*What to work on*
One part of the entries below is wanted: the lines from the one containing "Le innovazioni digitali" through the one containing "Para Xiaomi 14". Write those out exactly and nothing else.

*Input for this task*
::::::::::

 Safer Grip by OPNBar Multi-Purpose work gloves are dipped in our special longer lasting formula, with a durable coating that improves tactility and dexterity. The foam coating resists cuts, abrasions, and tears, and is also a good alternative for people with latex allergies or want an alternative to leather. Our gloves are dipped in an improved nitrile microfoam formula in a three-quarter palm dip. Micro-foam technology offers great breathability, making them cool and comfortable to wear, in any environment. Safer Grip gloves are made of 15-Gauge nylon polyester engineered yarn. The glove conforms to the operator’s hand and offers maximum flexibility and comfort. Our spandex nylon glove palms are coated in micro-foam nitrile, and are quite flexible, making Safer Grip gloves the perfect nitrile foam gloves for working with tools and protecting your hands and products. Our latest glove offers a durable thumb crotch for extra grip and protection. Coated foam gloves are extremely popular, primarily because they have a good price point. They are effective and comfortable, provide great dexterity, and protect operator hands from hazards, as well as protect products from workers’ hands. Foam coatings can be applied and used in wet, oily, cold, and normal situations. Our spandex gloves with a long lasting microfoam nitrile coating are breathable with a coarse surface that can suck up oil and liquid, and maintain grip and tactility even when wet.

::::::::::

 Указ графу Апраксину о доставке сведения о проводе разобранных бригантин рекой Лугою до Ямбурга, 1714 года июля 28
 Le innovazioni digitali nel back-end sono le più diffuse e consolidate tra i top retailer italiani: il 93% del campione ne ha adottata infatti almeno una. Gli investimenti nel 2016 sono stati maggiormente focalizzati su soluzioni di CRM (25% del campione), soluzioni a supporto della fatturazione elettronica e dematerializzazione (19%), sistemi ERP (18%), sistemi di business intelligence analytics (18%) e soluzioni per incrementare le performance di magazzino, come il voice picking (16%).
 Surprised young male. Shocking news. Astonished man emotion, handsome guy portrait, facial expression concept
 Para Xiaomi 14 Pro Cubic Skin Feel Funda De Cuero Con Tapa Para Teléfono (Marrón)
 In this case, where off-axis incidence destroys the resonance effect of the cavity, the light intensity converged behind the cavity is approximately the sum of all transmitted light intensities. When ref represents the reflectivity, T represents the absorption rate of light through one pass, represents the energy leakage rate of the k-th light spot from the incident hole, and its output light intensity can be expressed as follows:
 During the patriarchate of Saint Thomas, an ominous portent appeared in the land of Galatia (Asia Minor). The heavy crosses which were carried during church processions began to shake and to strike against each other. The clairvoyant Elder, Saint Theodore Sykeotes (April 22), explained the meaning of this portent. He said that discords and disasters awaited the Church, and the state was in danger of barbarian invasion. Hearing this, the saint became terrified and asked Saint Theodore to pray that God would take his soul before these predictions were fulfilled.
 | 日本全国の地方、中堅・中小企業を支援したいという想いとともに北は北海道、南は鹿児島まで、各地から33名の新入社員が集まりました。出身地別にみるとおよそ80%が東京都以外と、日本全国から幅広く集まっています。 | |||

::::::::::

*Answer to the problem*
 Le innovazioni digitali nel back-end sono le più diffuse e consolidate tra i top retailer italiani: il 93% del campione ne ha adottata infatti almeno una. Gli investimenti nel 2016 sono stati maggiormente focalizzati su soluzioni di CRM (25% del campione), soluzioni a supporto della fatturazione elettronica e dematerializzazione (19%), sistemi ERP (18%), sistemi di business intelligence analytics (18%) e soluzioni per incrementare le performance di magazzino, come il voice picking (16%).
 Surprised young male. Shocking news. Astonished man emotion, handsome guy portrait, facial expression concept
 Para Xiaomi 14 Pro Cubic Skin Feel Funda De Cuero Con Tapa Para Teléfono (Marrón)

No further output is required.